First it was time to wash the old girl Air ride is so handy. Drop her down to do the roof and up to do the sills and arches, Helps an old guy like me with a bad back lol!!

Foamed with citrus Preclean then rinsed,
refoamed with Cotton Candy and washed using the 2 bucket method. 
Tar Decontamination using Orchard Autocare Tar Cleanse.
Iron Decontamination using Orchard Autocare Iron Cleanse. 
Clayed Using Zaino Clay.
Rewashed and dried.




































Evidence of previous machining was removed from all shuts.










Strike through on leading edge of the wing. This was pretty much from headlight to screen.










And gone Blown in using 2 pack paint. never see it. Remember when detailing Mask it off!!!










Now onto the correction shots!

For the most of the car it was wet sanded with 3000 grit to remove the deep RDS and flatten the peel on the original painted panels. Repainted panels were corrected with a mix of Scholl Concepts S3 Gold via rotary, Megs Microfibre system via DA then Megs 105 and 205 via rotary using a variety of pads form one that looked like solid foam with a backing plate to 3M yellow and blue pads.






















































































































Some clear coat peeling on the door handle was not noticed a first but pays to inspect before working on any vehicle this was carefully masked up and then worked by hand after and repaired with some clear being added.























































Now for the damaged Wing as it had been repaired, we didn't want to touch it so it was over masked with 2" tape to protect it then it will be feathered in after. Again if it was taped in the first place....





















































































































































































Interior Cleaned and dressed using Orchard Autocare Interior Wizard.









That is the dirt from One door card and the drivers seat!

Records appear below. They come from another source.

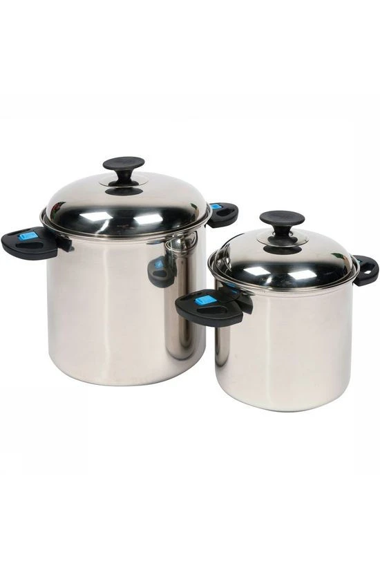 De Bo-Camp Pannenset Elegance Compact 2 2-Delig RVS is een luxe 2-delige RVS pannenset. Iedere pan beschikt over een deksel met hittebestendige knop. Daarnaast heeft iedere pan hittebestendige en wegklapbare handgrepen. Deze handgrepen kunnen na gebruik eenvoudig om worden geklapt zodat de pannen volledig in elkaar stapelbaar en compact op te bergen zijn. Dit bespaart tot 40% ruimte! De pannen zijn smal en hoog en daardoor bij uitstek geschikt voor de beperkte ruimte op kookstellen. De pannen zijn te gebruiken op gas, keramische en elektrische warmtebronnen.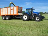 Krone Big X 500 hakselaar samen met een New Holland TG 285 met Kaweco Radium 50 silagewagen van Mts. Bezu uit Een.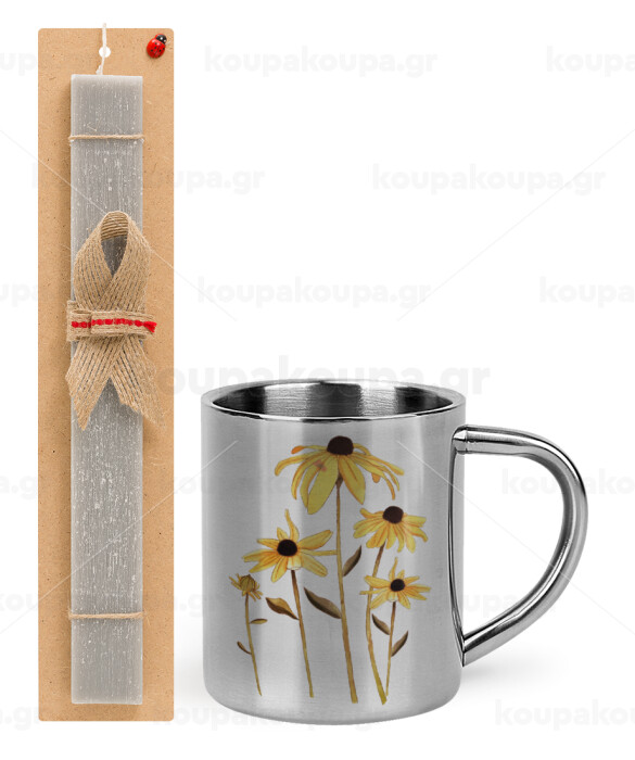 Daisies flower, Πασχαλινή Λαμπάδα με μεταλλική κούπα θερμό (300ml) & κερί αρωματικό πλακέ (30cm) (ΓΚΡΙ)

Interior Wizard is non slip and can be used on mats as well applied and buffed off.









Finished!


















Now onto the afters:
The car was finished using Zaino Products
LSP was Zaino Z2 Pro (ZFX) 3 coats with a coat of Z6 between coats.
Finally a coar of Z8 then a coat of Clear Seal.
Glass was cleaned using Orchard Autocare Glass Cleanse
Tyres dressed with Orchard Autocare Tyre dressing. 
Wheels sealed using Zaino Z2 and Clear Seal.
Interior Dressed and Protected with Orchard Autocare interior Wizard.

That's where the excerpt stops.